# eclipse 3.4 Build id: I20080617-2000 schneidet code ab ?



## X-Builder (22. Aug 2008)

Hallo,

ich bin mir jetzt nicht 100% sicher obs am update liegt oder nicht, aber wenn ich einige Warnungen fixe mit strg+1 danach ist plötzlich der komplette gefixte Bereich gelöscht? d.h. von meinen 300 Zeilen fängt die Zählung dann ab 280 an, noch komishcer ist wenn ich nochmals was fixe sehe ich plötzliche nur die zeilen 70 - 90 ?? d.h. die wurden vorher nicht gelöscht?? Das krasseste ist, dass sich das programm voll ausführen lässt obwohl nur 20 codezeilen sichtbar sind  :lol:  :lol:  :lol:  :lol:  :lol: 

blickt das jemand? oder ist das featureritis von eclipse?


----------



## maki (22. Aug 2008)

Du interessierst dich wirklich für Probleme in nightly builds?

Nachtrag: Kommando zurück, ist kein Nightly Build.

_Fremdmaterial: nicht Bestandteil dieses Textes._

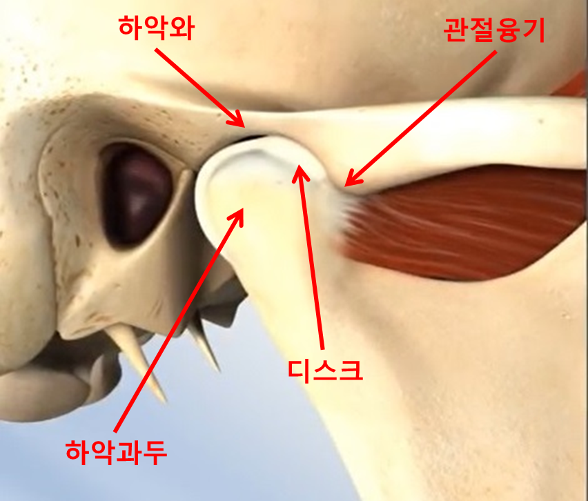턱관절을 구성하는 주요 구조물로는 아래턱뼈의 하악과두, 관자뼈(측두골)의 하악와, 관절돌기, 디스크, 디스크를 잡고 있는 후방인대 정도 보시면 되겠습니다.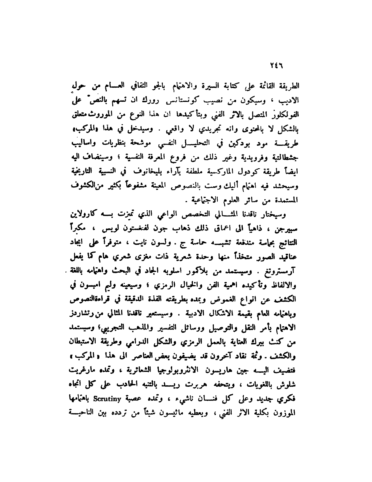 وسيختار ناقدنا المثالي التخصص الواعي الذي تميزت به كارولاين سبيرجن، ذاهباً إلى أعماق ذلك ذهاب جون لفنغستون لويس، مكبراً النتائج بحماسة مندفعة تشبه حماسة ج. ولسون نايت، متوفراً على إيجاد عناقيد الصور متخذاً منها وحدة شعرية ذات مغزى شعري هام كما يفعل آرمسترونغ. وسيستمد من بلاكمور أسلوبه الجاد في البحث واهتمامه باللغة والألفاظ وتأكيده أهمية الفن والخيال الرمزي؛ وسيعينه وليم امبسون في الكشف عن أنواع الغموض ويمده بطريقته الفذة الدقيقة في قراءة النصوص وباهتمامه العام بقيمة الأشكال الأدبية. وسيستعير ناقدنا المثالي من رتشاردز الاهتمام بأمر النقل والتوصيل ووسائل التفسير والمذهب التجريبي؛ وسيستمد من كنث بيرك العناية بالعمل الرمزي والشكل الدرامي وطريقة الاستبطان والكشف. وثمة نقاد آخرون قد يضيفون بعض العناصر إلى هذا " المركب " فتضيف إليه جين هاريسون الأنثروبولوجيا الشعائرية، وتمده مارغريت شلوش باللغويات، ويتحفه هربرت ريد بالتنبه الحادب على كل اتجاه فكري جديد وعلى كل فنان ناشيء، وتمده عصبة Scrutiny باهتمامها الموزون بكلية الأثر الفني، ويعطيه ماثيسون شيئاً من تردده بين الناحية

Habe denselben Build aber kein derartiges Problem.


----------



## Natorion (22. Aug 2008)

Blöde Frage: sind die Codeblöcke "eingeklappt"?, auf der Seite das mit + und -


----------



## Roar (22. Aug 2008)

oder hast du den "zeige nur aktuelle methode" knopp aktiviert? :?


----------



## X-Builder (22. Aug 2008)

Roar hat gesagt.:
			
		

> oder hast du den "zeige nur aktuelle methode" knopp aktiviert? :?


 stimmt ich sehe immer nur die aktuelle methode... komisch wie hat sich das aktiviert?


----------



## SlaterB (22. Aug 2008)

oben in der Button-Leiste gibts eine Option rechts neben der, die wie ein Pinsel aussieht


----------



## X-Builder (23. Aug 2008)

SlaterB hat gesagt.:
			
		

> oben in der Button-Leiste gibts eine Option rechts neben der, die wie ein Pinsel aussieht



finde da nichts  was das Problem behebt. Habe alle buttons gedrückt...


----------